Secondo il database Carbon Majors, Eni è responsabile dello 0,46% delle emissioni globali cumulative dall’inizio dell’era industriale, ed è tra i principali responsabili storici delle emissioni globali di gas serra. Nonostante gli accordi internazionali e gli scenari climatici impongano una drastica riduzione dei combustibili fossili, infatti, la compagnia, quotata in borsa – ma di fatto sotto il controllo del ministero italiano dell’Economia – prevede di aumentare la propria produzione annua del 3-4% nel corso di questo decennio. E ciò mentre le campagne di comunicazione e promozione presentano Eni come sempre più green.
Il verdetto della Cassazione assume un significato che va ben oltre il singolo procedimento. Riconosce infatti la legittimità e l’urgenza delle cause climatiche in Italia, chiarendo che non costituiscono un’ingerenza nelle prerogative del legislatore o delle imprese. La suprema Corte stabilisce con nettezza che la tutela dei diritti umani fondamentali, minacciati dalla crisi climatica, è una priorità da garantire anche attraverso l’azione giudiziaria.
Con questa decisione, l’Italia si allinea ai modelli già affermatisi in Paesi come Olanda, Francia e Germania, dove il ricorso alla climate litigation è diventato uno strumento giuridico concreto per difendere il diritto alla salute, alla sicurezza e a un ambiente vivibile. Un esempio recente è quello dell’agricoltore peruviano Saúl Luciano Lliuya, che ha citato in giudizio il gigante tedesco dell’energia Rwe, sostenendo che le emissioni dell’azienda hanno contribuito al rischio di inondazioni nella sua città natale, a causa dello scioglimento dei ghiacciai. Sebbene il tribunale tedesco non abbia ritenuto Rwe responsabile in questo caso specifico, ha riconosciuto che è possibile stabilire una catena causale tra le emissioni e gli impatti dei cambiamenti climatici. Si tratta di un passo decisivo verso una giustizia effettiva per il pianeta: un riconoscimento del ruolo centrale della società civile, della responsabilità delle grandi industrie, e della necessità di un diritto capace di rispondere all’emergenza ecologica contemporanea.

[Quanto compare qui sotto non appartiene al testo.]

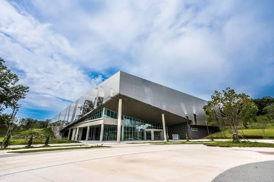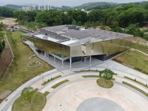 국립강원전문과학관의 외장패널을 Silver Antique 소재와 Silver MR의 조합으로 구성되어, 과학적 사고와 현대적 감각이 공존하는 이미지를 형성합니다. Antique 특유의 미세한 표면 변화는 외관에 깊이와 밀도를 더하며, 단조로움을 피하면서도 차분한 인상을 유지합니다. 여기에 Silver MR의 맑고 정제된 반사감이 더해져, 전체 외관이 보다 또렷하고 현대적인 표정을 갖게 됩니다. 두 소재는 서로 대비되기보다는 보완적으로 작용하며, 과학관이 지닌 공공성과 전문성을 함께 드러냅니다.

Questa sentenza non incide solo sul contenzioso in corso, rappresenta anche un precedente vincolante: d’ora in avanti, i tribunali italiani potranno essere luoghi in cui si indagano le responsabilità politiche ed economiche legate alle emissioni inquinanti. L’Italia potrà così entrare a pieno titolo in un network europeo già attivo in altri Paesi. Resta da vedere come il giudice affronterà il caso della “giusta causa”, e se si arriverà finalmente a un esame nel merito di chi incide sul cambiamento climatico.